**DESCRIPTION OF THE TASK:**
Transcribe the listing that follows in full, exactly, and drop its images.
-------- SOURCE MATERIAL
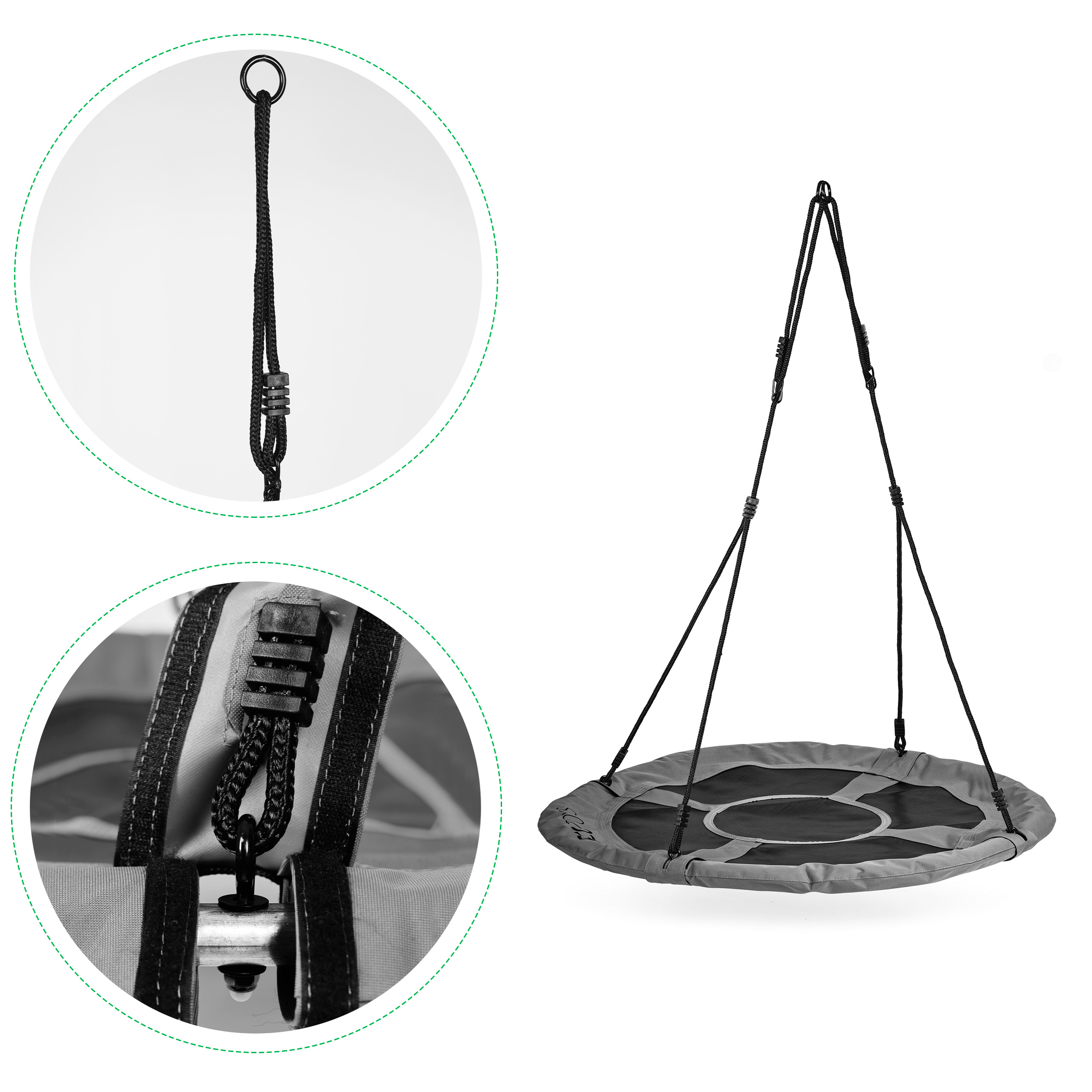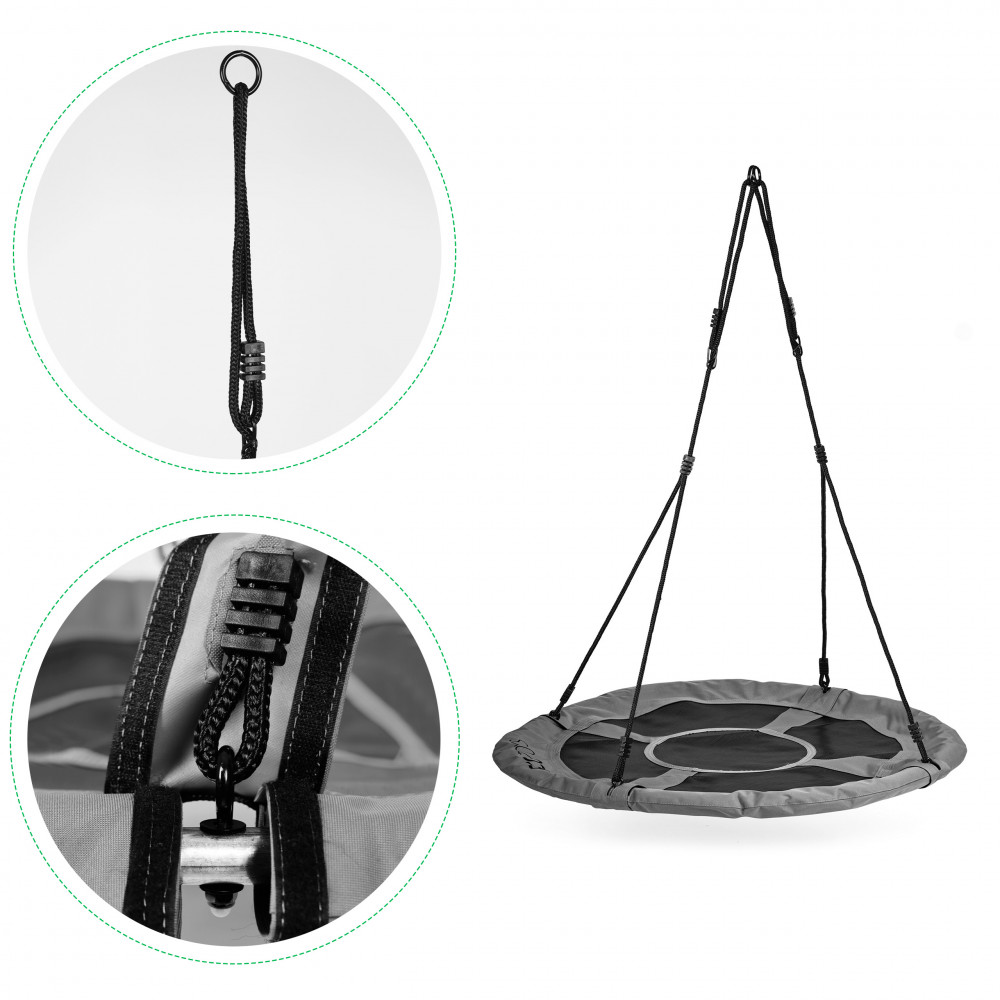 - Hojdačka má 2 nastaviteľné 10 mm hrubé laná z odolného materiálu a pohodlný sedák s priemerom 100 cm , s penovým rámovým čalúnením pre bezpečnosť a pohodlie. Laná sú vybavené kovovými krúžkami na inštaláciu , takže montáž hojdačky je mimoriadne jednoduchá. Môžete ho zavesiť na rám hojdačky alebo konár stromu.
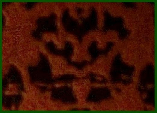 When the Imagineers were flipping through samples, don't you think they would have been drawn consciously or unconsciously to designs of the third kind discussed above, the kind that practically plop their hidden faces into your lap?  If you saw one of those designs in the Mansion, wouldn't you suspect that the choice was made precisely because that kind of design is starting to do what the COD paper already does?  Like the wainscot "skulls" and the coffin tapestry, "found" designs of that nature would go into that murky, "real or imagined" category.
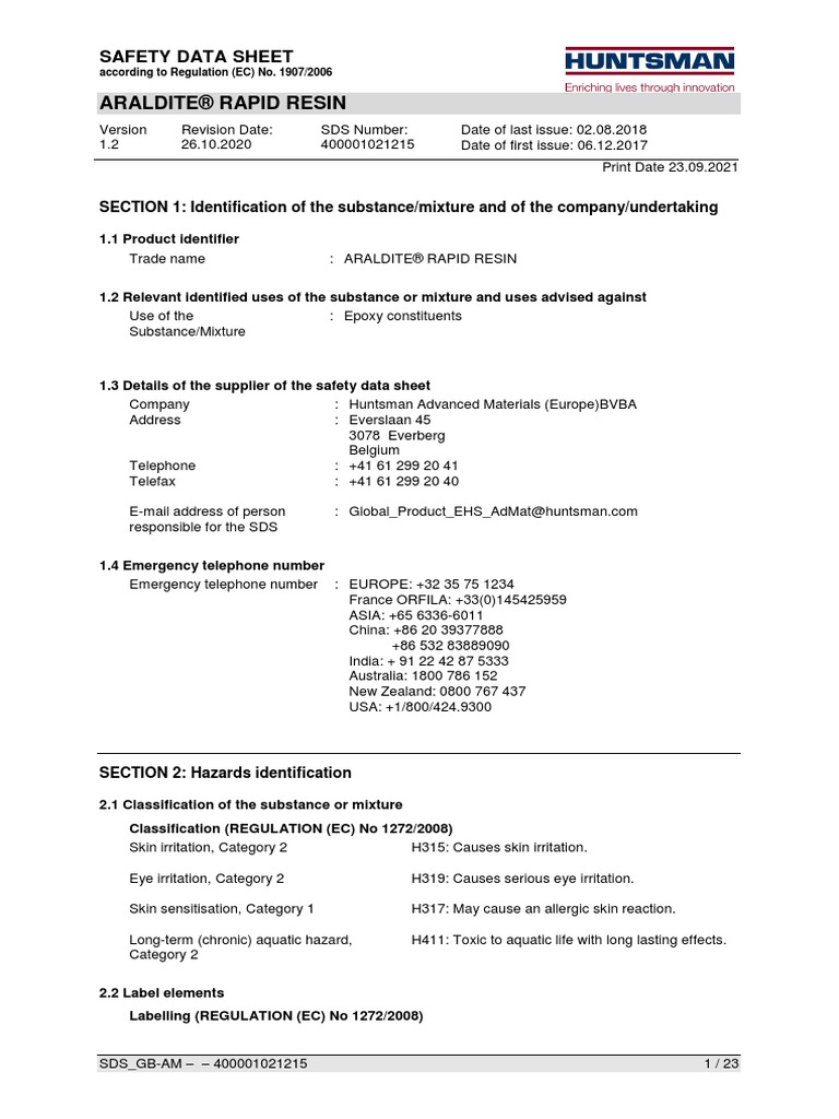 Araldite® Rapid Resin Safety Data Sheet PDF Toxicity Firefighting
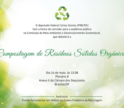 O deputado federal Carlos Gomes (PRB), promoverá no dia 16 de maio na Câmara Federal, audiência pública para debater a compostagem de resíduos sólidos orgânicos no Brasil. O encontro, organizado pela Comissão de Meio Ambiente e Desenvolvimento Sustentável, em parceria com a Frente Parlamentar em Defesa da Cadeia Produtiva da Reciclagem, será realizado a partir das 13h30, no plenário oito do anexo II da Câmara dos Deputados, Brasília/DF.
----------------
**TASK RESULT:**
 - Hojdačka má 2 nastaviteľné 10 mm hrubé laná z odolného materiálu a pohodlný sedák s priemerom 100 cm , s penovým rámovým čalúnením pre bezpečnosť a pohodlie. Laná sú vybavené kovovými krúžkami na inštaláciu , takže montáž hojdačky je mimoriadne jednoduchá. Môžete ho zavesiť na rám hojdačky alebo konár stromu.
 When the Imagineers were flipping through samples, don't you think they would have been drawn consciously or unconsciously to designs of the third kind discussed above, the kind that practically plop their hidden faces into your lap?  If you saw one of those designs in the Mansion, wouldn't you suspect that the choice was made precisely because that kind of design is starting to do what the COD paper already does?  Like the wainscot "skulls" and the coffin tapestry, "found" designs of that nature would go into that murky, "real or imagined" category.
 Araldite® Rapid Resin Safety Data Sheet PDF Toxicity Firefighting
 O deputado federal Carlos Gomes (PRB), promoverá no dia 16 de maio na Câmara Federal, audiência pública para debater a compostagem de resíduos sólidos orgânicos no Brasil. O encontro, organizado pela Comissão de Meio Ambiente e Desenvolvimento Sustentável, em parceria com a Frente Parlamentar em Defesa da Cadeia Produtiva da Reciclagem, será realizado a partir das 13h30, no plenário oito do anexo II da Câmara dos Deputados, Brasília/DF.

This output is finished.